I am not a very masculine woman. I don't fall into many of the cliches at all. I don't play softball, I'm not good at building things, I wear makeup, I carry a purse, I like to buy clothes (pink clothes even!), I like to decorate, I know what colors go with what, I don't have short hair, I don't own 23 cats, I don't watch Xena, I have a child.... Also, I don't actually believe in any of those cliches! I do, however believe that you can sometimes tell that someone is gay just by watching they way he or she moves, just as mentioned in the quote above. I'm not talking about the totally "obvious" types either. There's just something, an un-nameable quality, that sets off my "gaydar" on some people. It's not anything that I can put my finger on, it's just something that I know.
 
posted by Lisa at 3/14/2006 08:21:00 PM ¤ Permalink ¤


1 Comments:


  • At 3/15/2006 09:20:00 PM, Blogger Diana_CT

    Over all I thought the Sixty Minutes piece was good, but they could have pick someone better than Michael Bailey.
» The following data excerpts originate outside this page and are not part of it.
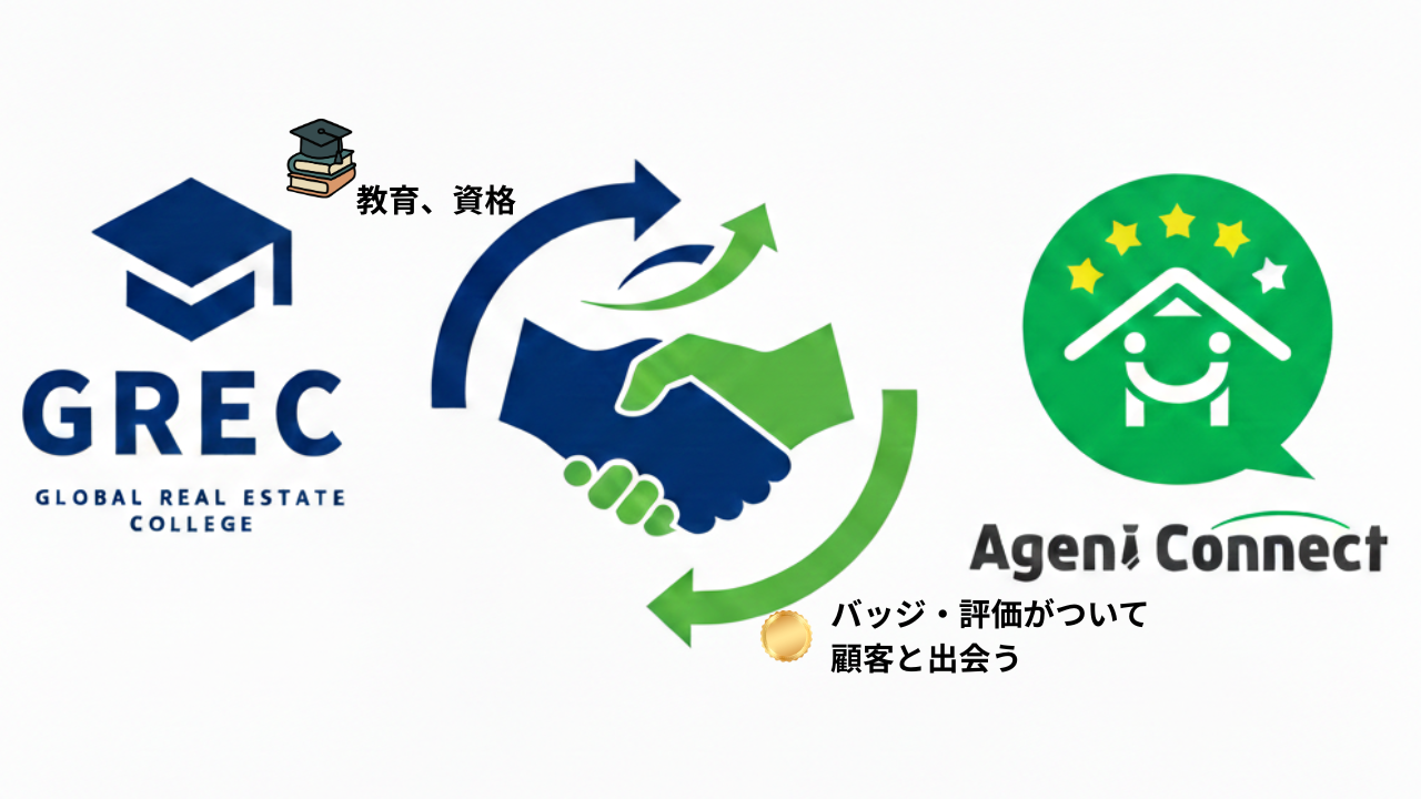 2010年より国際不動産教育を牽引してきた「GREC」と、エージェントと顧客の最適なマッチングを実現する「Agent Connect」がタッグを組むことで、「学び(教育)」を「稼ぐ力(実務)」へと直結させる環境を構築し、不動産業界の新たなキャリアモデルを創出します。
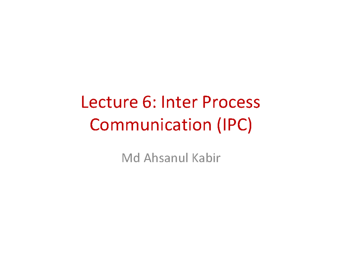 Lecture 6: IPC Mechanisms and Communication Techniques - Studocu
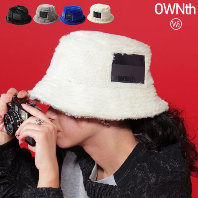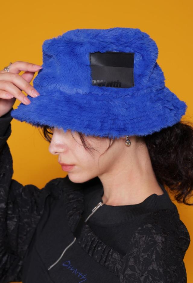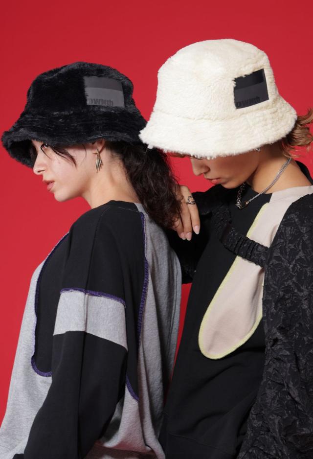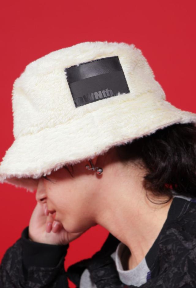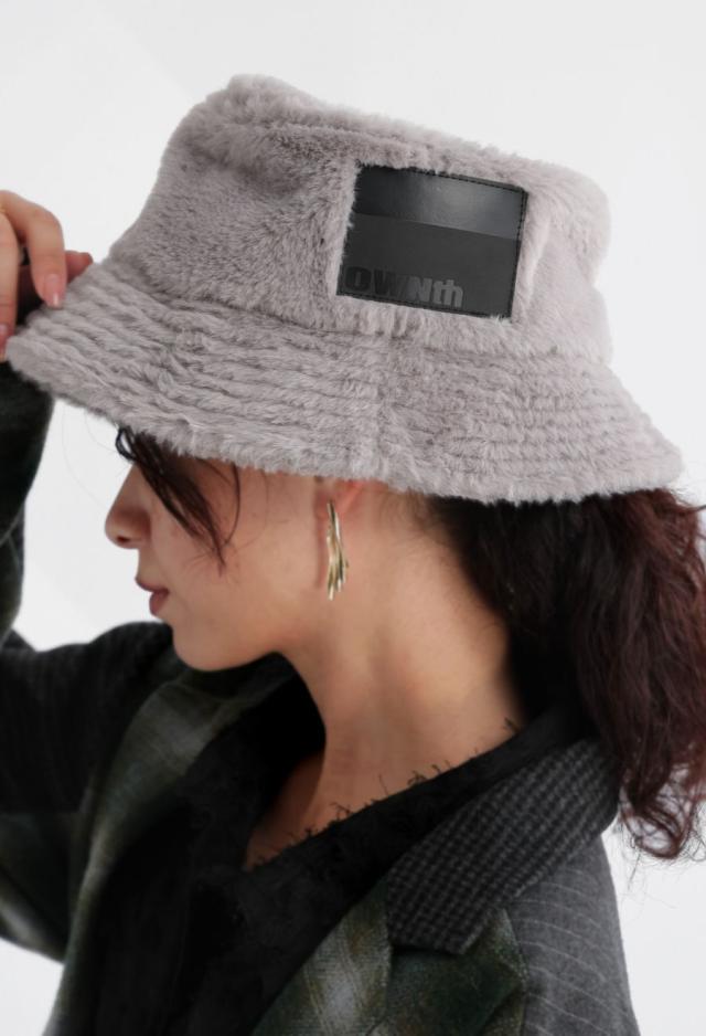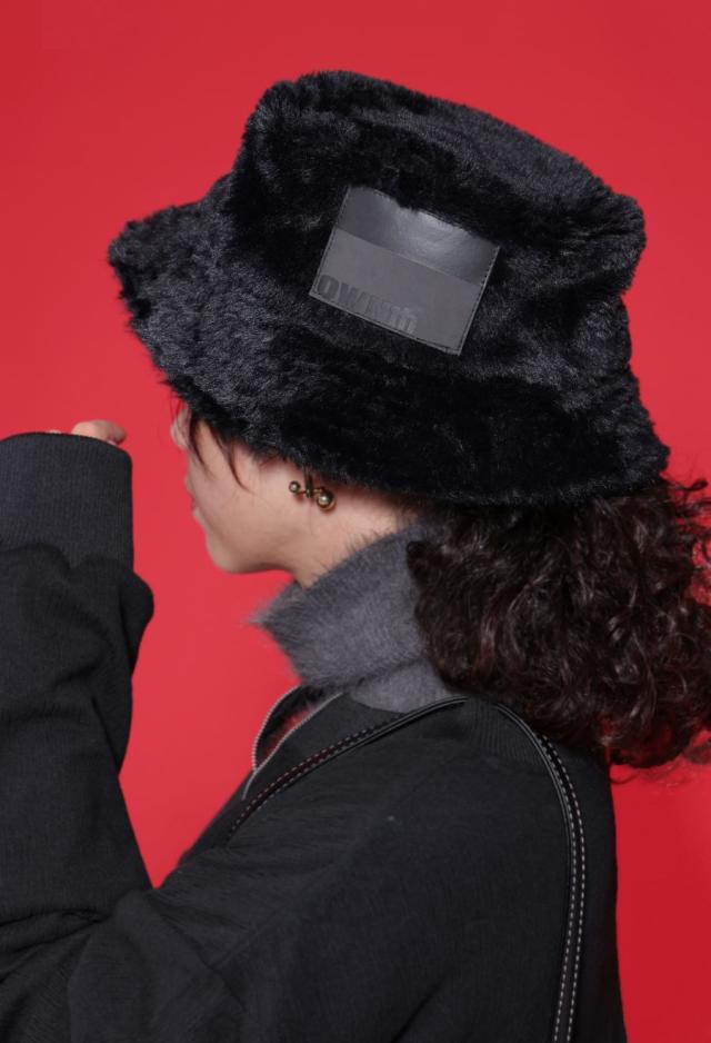 owt-0041 帽子 ハット バケットハット ファーハット フェイクファー ロゴ モコモコ ファー レザーパッチ 防寒 おしゃれ カジュアル ストリート プレゼント 無地 コーデ 小物
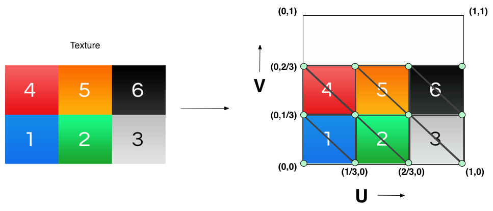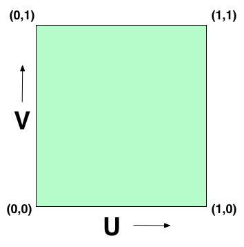 Texture coordinates are specified in texture space , which is simply the normalized range [0,1]. By convention, we use U and V as the axes of the texture space where U corresponds to the x-axis and V corresponds to the y-axis. OpenGL treats the values of the UV axes as going from left to right on the U axis and down to up on the V axis. Take a look at the following image:
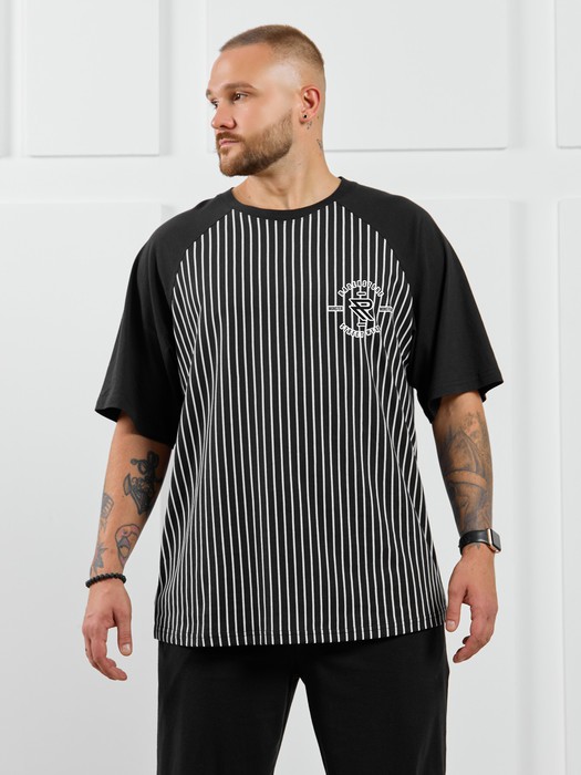 Футболка мужская из трикотажного полотна с набивным рисунком в узкую черно-белую полоску в комбинации с черным однотонным материалом. Модель с короткими рукавами покроя "реглан", горловиной овальной формы, обработанной втачной планкой, и принтом на детали переда.
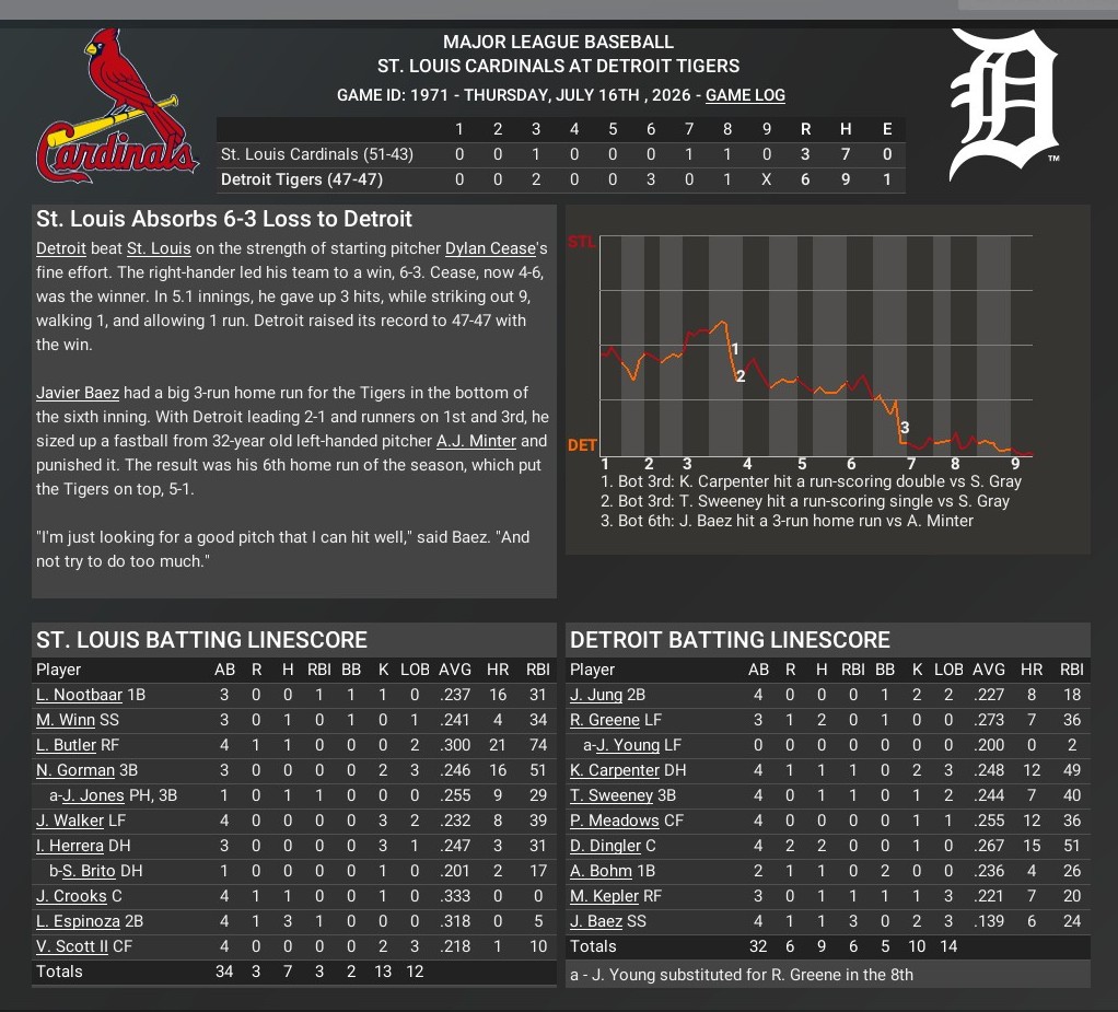 Cards news: July 15 -- Detroit Tigers 6, St. Louis Cardinals 3
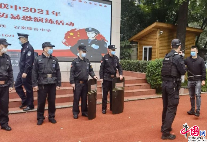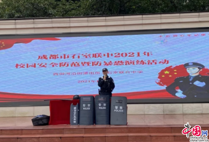 中国网10月29日讯(辜丽茜)为贯彻落实“安全第一,预防为主”方针,有效防范校园暴力事件,近日,成都市石室联合中学开展了一场校园安全防范演练活动。校长宋奕云和青羊区西御河沿街派出所副所长王鑫全程参与并指挥演练活动,青羊区公安分局防暴大队警官全程指导活动演练。
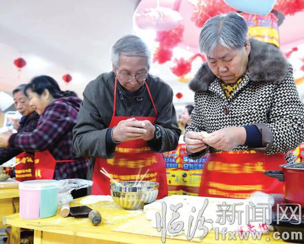 臨汾新聞網訊 近日,我市多家愛心企業和不少愛心人士走上街頭,舉行了“這個冬天不會冷”大型送溫暖活動,把親手包的百盒熱氣騰騰的餃子送到了奉獻在一線的環衛工人手中,讓她們在寒冷的冬日倍感溫暖。圖為一對老年夫妻正在包溫暖餃子。 張天杰攝

He has been discredited because of his book “The Man Who Would Be Queen: The Science of Gender Bending and Transsexualism” the research that was done for the book has been questioned. Claims were made that he didn’t inform his subjects that they were the subject of his research and that he distorted their stories. Northwestern University opened up a formal investigation in to Baliey’s conduct in 2004 and he resigned his Chairmanship of the Department of Psychology, however he did remain his professorship there.
    I think a better candidate for the Sixty Minutes piece would have Milton Diamond Phd from the University of Hawaii.